UAs may therefore treat all links as unvisited links, or implement other measures to preserve the user's privacy while rendering visited and unvisited links differently. See [P3P] for more information about handling privacy.
This is all very cute, but the real exploit isn't embarrassing your friends and co-workers by revealing their kinks. Imagine a phishing site which could sniff your browser history to see which bank you use, and then provide a customized login form masquerading as that same site.
Exposing browsing history via CSS color information in the DOM is a serious security hope that should be closed by browser vendors.
AFAIK the bug I shown is not currently fixed. The idea is to perform a request for an image in the target site (usually the logo), meter how many milliseconds it takes, if it takes very little (near to zero) you already visited the site. If the latency is instead in the normal range you didn't. See the article for more info.
I use NoScript too, but you can do it in pure CSS and Noscript won't block it: just set a:visited for the link you're interested in to use a certain background image, which will only hit your server if the link is actually visited.
It's not really relevant to anything. I could say it's another reason to go back to using BBS's instead of the WWW, but that's not really a useful observation is it.
But that's not what noscript does; it allows you to whitelist known-good scripts, and only run those. So when you go goodsite.com, you can see the cool javascript animations, but when you browse to steals-your-history.com, your history won't be stolen.
Sure, goodsite.com can choose to spy on you... but that is less likely than some other random site being the bad one.
"... but when you browse to steals-your-history.com, your history won't be stolen."
Ah, but you won't know if your history's being stolen, right? The exploit can be hidden from the user's eyes, hidden in an ad, for example, that the site you trust shows you without realizing that ad is hacking your history. Phishing sites, too, of course.
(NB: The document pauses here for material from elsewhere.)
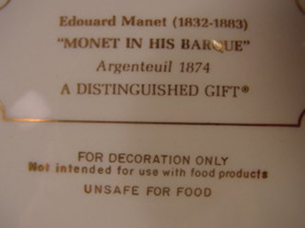 1081/11 BEAUTIFUL EDWARD MANET "MONEY IN HIS BARQUE" ART PORCELAIN PLATE This is a Wonderful Edward Manet Porcelain ART Plate featuring "Money in His Barque". It measures 10 inches in diameter. It is in good condition with little wear, and is marked on the back. This would be great to decorate with or add to any Collection. ~ ~ MORE COLLECTOR PLATES IN MY EBAY STORE ~ ~

A big problem caused by this elegant hack is that it uses services web users can't easily do without, services that most browser users don't know about (and, ideally, shouldn't need to understand). I guess you're suggesting that a user must be more wary of websites, avoiding unknown ones. Is that what you're suggesting?
It'll be interesting to see what can be tried to remedy the privacy issues caused by this.
I don't think disabling JS by default is equivalent to going back to BBSes. IMO it's how JS and other client-side scripting technologies should have been implemented from the very beginning, on an opt-in basis with the onus on the site developer to convince users that it's worthwhile to enable the feature for their site.